❓WHAT HAPPENED: The Department of Justice (DOJ) charged multiple individuals in a scheme where North Korea sent IT workers with fake identities to get remote jobs at U.S. companies. The wages were secretly funneled back to fund North Korea’s weapons program. Several Chinese and Taiwanese nationals were charged, and sensitive U.S. data may have been accessed.
👤WHO WAS INVOLVED: North Korean government, U.S. tech companies, DOJ.
📍WHEN & WHERE: Monday, June 30, 2025, United States, North Korea, and China.
💬KEY QUOTE: “These schemes target and steal from U.S. companies and are designed to evade sanctions and fund the North Korean regime’s illicit programs, including its weapons programs.” – Assistant Attorney General John Eisenberg
🎯IMPACT: This scheme poses a national security threat, involving financial fraud and corporate espionage risks.
On Monday, the Department of Justice (DOJ) announced criminal charges in a scheme by North Korea to fund its weapons program through the salaries of remote information technology (IT) workers employed inadvertently by U.S. companies.
The nationwide operation led to charges and the seizure of financial accounts, websites, and laptops used to execute the fraud. Separate cases in Georgia and Massachusetts exposed that the scheme is generating extensive revenue for North Korea’s government and even supplying workers access to sensitive and proprietary data from the American corporations hiring them.

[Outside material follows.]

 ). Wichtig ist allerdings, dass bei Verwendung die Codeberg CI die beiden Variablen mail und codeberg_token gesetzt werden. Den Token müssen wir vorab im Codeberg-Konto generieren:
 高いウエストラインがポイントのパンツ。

The North Korean government dispatched thousands of workers with fake or stolen identities to find remote work as IT employees at American companies. These companies believed the workers were hired based in the U.S., when they were actually stationed in North Korea or China. The wages were transferred into accounts controlled by co-conspirators affiliated with North Korea, prosecutors have said.
On Monday, U.S. prosecutors announced the arrest of U.S. national Zhenxing “Danny” Wang of New Jersey. A five-count indictment describes a multi-year fraud scheme by Wang and his co-conspirators to obtain remote IT work with U.S. companies that generated more than $5 million in revenue. The indictment additionally charges six Chinese nationals and two Taiwanese nationals for their roles in the scheme.

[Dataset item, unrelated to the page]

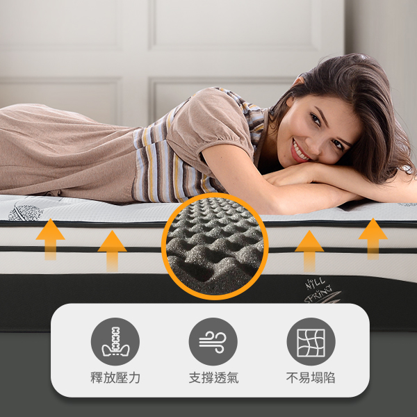 全採用3D高密度支撐型泡棉,導流式設計導入氣流貫穿床墊,透氣涼爽,加強支撐力。無彈簧配置,能減少因摩擦產生噪音翻身不易影響伴侶,給您整晚舒適安靜睡眠。

Court papers say the conspiracy involved registering financial accounts to receive the proceeds and creating shell companies and fake websites to portray these remote workers as associated with legitimate businesses. Enablers inside the United States facilitated the workers’ remote computer access, creating the illusion that workers were logged in from U.S. locations.
“These schemes target and steal from U.S. companies and are designed to evade sanctions and fund the North Korean regime’s illicit programs, including its weapons programs,” warned Assistant Attorney General John Eisenberg.